┌──

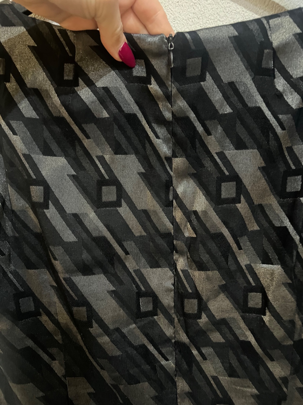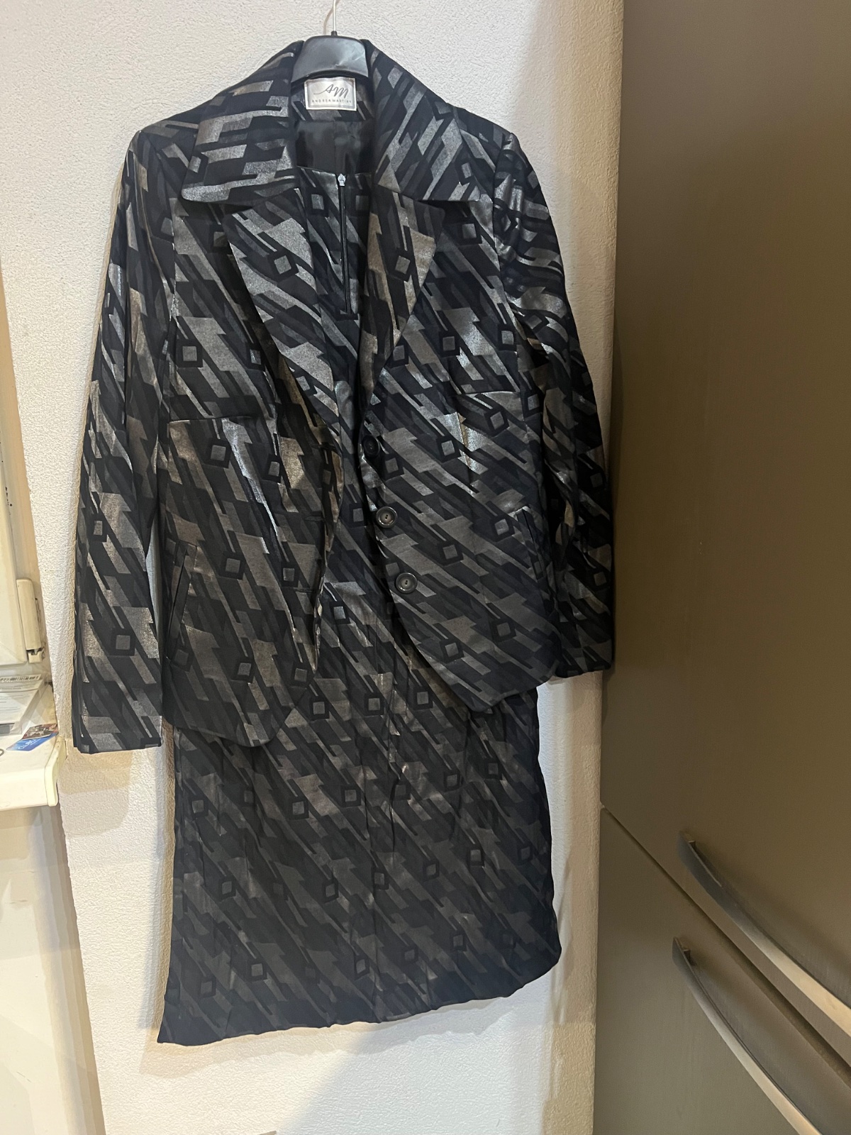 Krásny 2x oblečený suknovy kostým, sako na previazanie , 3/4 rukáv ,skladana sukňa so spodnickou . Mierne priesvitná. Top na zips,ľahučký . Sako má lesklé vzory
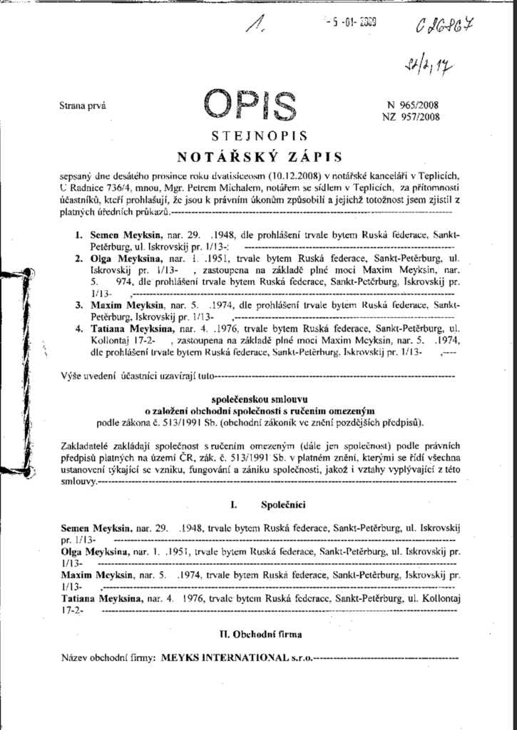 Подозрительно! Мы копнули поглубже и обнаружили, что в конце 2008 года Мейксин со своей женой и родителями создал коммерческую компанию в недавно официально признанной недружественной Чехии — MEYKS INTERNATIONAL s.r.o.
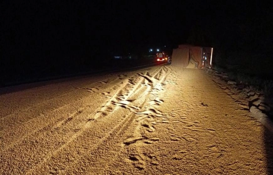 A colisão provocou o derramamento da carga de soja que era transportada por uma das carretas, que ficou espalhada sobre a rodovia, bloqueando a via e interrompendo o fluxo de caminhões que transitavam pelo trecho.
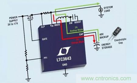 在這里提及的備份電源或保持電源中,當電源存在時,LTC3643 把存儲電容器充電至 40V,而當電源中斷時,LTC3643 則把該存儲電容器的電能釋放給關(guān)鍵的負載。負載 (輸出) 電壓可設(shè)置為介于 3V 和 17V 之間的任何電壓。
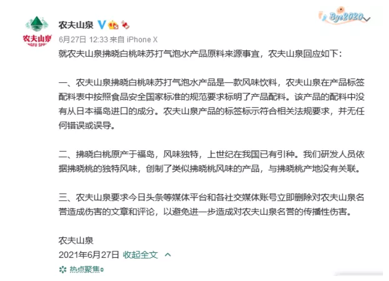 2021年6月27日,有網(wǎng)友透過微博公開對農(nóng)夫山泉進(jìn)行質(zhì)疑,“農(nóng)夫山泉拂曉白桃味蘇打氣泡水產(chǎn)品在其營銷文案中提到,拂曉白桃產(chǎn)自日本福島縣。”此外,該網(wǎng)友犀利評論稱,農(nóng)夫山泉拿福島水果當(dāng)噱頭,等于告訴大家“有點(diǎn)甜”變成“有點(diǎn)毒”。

└──

From the material above, copy everything exactly but the pictures.

== WRITTEN SOLUTION ==
 Krásny 2x oblečený suknovy kostým, sako na previazanie , 3/4 rukáv ,skladana sukňa so spodnickou . Mierne priesvitná. Top na zips,ľahučký . Sako má lesklé vzory
 Подозрительно! Мы копнули поглубже и обнаружили, что в конце 2008 года Мейксин со своей женой и родителями создал коммерческую компанию в недавно официально признанной недружественной Чехии — MEYKS INTERNATIONAL s.r.o.
 A colisão provocou o derramamento da carga de soja que era transportada por uma das carretas, que ficou espalhada sobre a rodovia, bloqueando a via e interrompendo o fluxo de caminhões que transitavam pelo trecho.
 在這里提及的備份電源或保持電源中,當電源存在時,LTC3643 把存儲電容器充電至 40V,而當電源中斷時,LTC3643 則把該存儲電容器的電能釋放給關(guān)鍵的負載。負載 (輸出) 電壓可設(shè)置為介于 3V 和 17V 之間的任何電壓。
 2021年6月27日,有網(wǎng)友透過微博公開對農(nóng)夫山泉進(jìn)行質(zhì)疑,“農(nóng)夫山泉拂曉白桃味蘇打氣泡水產(chǎn)品在其營銷文案中提到,拂曉白桃產(chǎn)自日本福島縣。”此外,該網(wǎng)友犀利評論稱,農(nóng)夫山泉拿福島水果當(dāng)噱頭,等于告訴大家“有點(diǎn)甜”變成“有點(diǎn)毒”。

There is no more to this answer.